Evil Olive Garden - Events

Back to Ghoul: Parent's Night In

Achievement Unlocked: Summer Survivalist

You did it. You endured the noise, the mess, the 94 consecutive snack requests. The Trials of Summer have ended, and your reward is... silence. Or close enough.

You've earned five glorious minutes of pasta-induced peace and low-volume childlike ambient screams coming from the back room. Or maybe the kitchen. You're not sure. The food is good enough that you won't care. Isn't that nice?

Join us for a carb-heavy cooldown ritual featuring wine, uninterrupted chewing, and the sweet, sweet absence of background chaos.

Our servers won't judge. They have... witnessed things.

Includes a complimentary snack break for children under 12. Just a snack break. A totally normal snack break. Absolutely no interrogations. Why would you even ask that?

Date: August 20, 2025

Blood Wine Wednesdays

Half off all red wines, poured under the waxing moon. Vampire formalwear encouraged.

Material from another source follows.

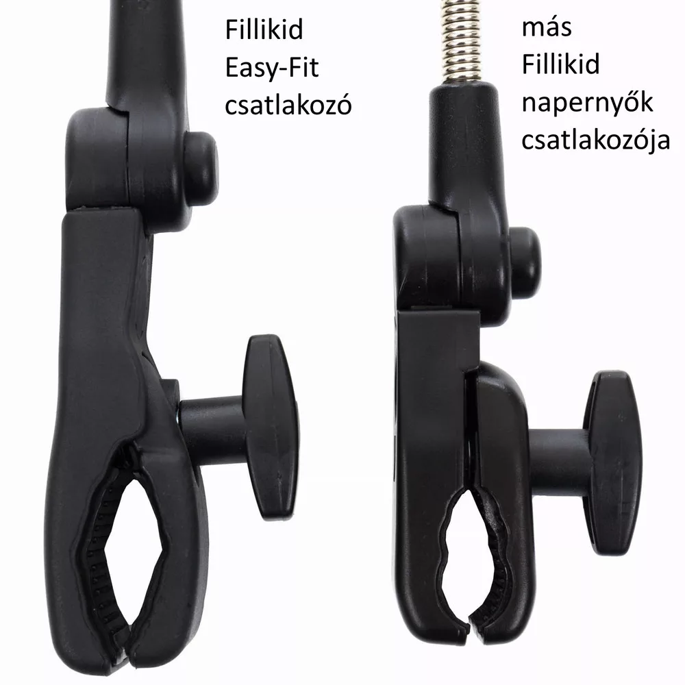 A Fillikid napernyõje tökéletes védelmet nyújt a gyermeknek a napsugarak és a veszélyes UV sugárzás ellen. Az EASY Fit konzol alkalmas kerek és ovális vázakoz, és illik a legtöbb babakocsihoz és hordozóhoz. A hajlító elemekkel optimálisan állítható. 50 UV-védõbevonattal rendelkezõ poliészter anyagbó készül, amely vízlepergetõ.

Come for the drinks, stay for the... ceremony.

Every Wednesday in October

Spaghetti Screams 2025

Warning: This is not your Nonna's pasta night.

Step into a fully immersive dining experience where the sauce is hot, the tension is hotter, and something in the kitchen has started whispering your name. Repeatedly. In Latin. And you don't speak Latin. Yet.

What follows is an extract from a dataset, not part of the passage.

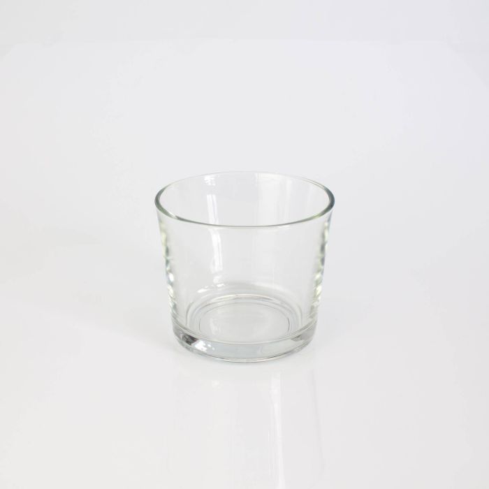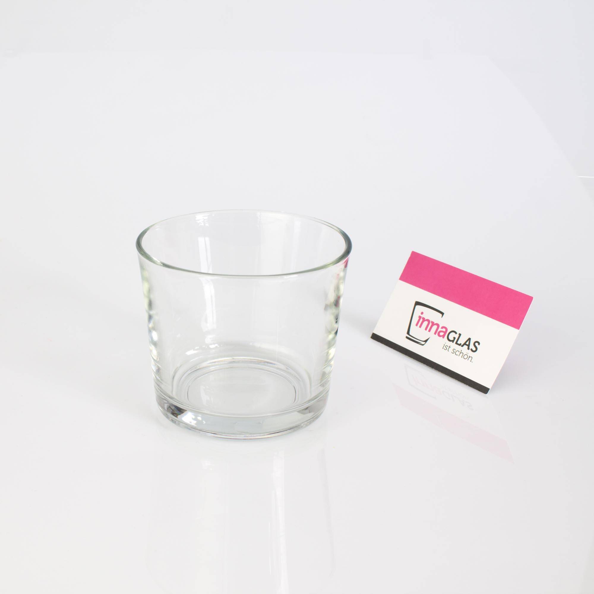 Small decorative glass ALENA by INNA Glas in the colour clear. The table or flower vase with its height of approx. 3.3" / 8,5 cm and a diameter of approx. 3.9" / 10 cm can also be used as a lantern glass for large tea lights.

Spaghetti Screams 2025 is our annual culinary catastrophe: a catastrophic blend of haunted theatrics, aggressively themed entrées, and linguine so emotionally volatile it has requested counseling. Twice.

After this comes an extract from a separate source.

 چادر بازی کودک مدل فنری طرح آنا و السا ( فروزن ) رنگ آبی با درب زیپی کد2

Expect shrieking meatballs. Expect marinara séances. Expect your server to know things about you that you haven't told anyone. Expect that one table to disappear halfway through the evening and never be spoken of again. It's better that way.

Seating is limited. Screaming, moaning, and other involuntary noises are not.
The management is not responsible for messages received through sauce patterns, and does not officially endorse pasta-based prophecy or sexual advances.Date: October 31, 2025

Séance & Spaghetti Night

The energy in the dining room has shifted. It's quieter now. Not calm, exactly, but quieter. The candles are lit. The air smells of garlic and disclosure.

Gather with us for an intimate evening of medium-rare mediumship, where pasta and the paranormal intertwine. Guests are invited to reach across the veil, or at least politely knock on it with a breadstick.

Nonna's presence is, as always, strongly felt. One lucky diner may leave with a spectral recipe etched into their soul. Possibly a gift. Possibly a warning. Possibly... restitution.

Staff are advised not to speculate on anything that may have occurred during the October 31 dinner service.

Date: November 3, 2025

Breadstick Bloodbath: Live!

Competitive dipping. Real marinara. One sauce to rule them all. Bragging rights and your opponent's soul are on the line.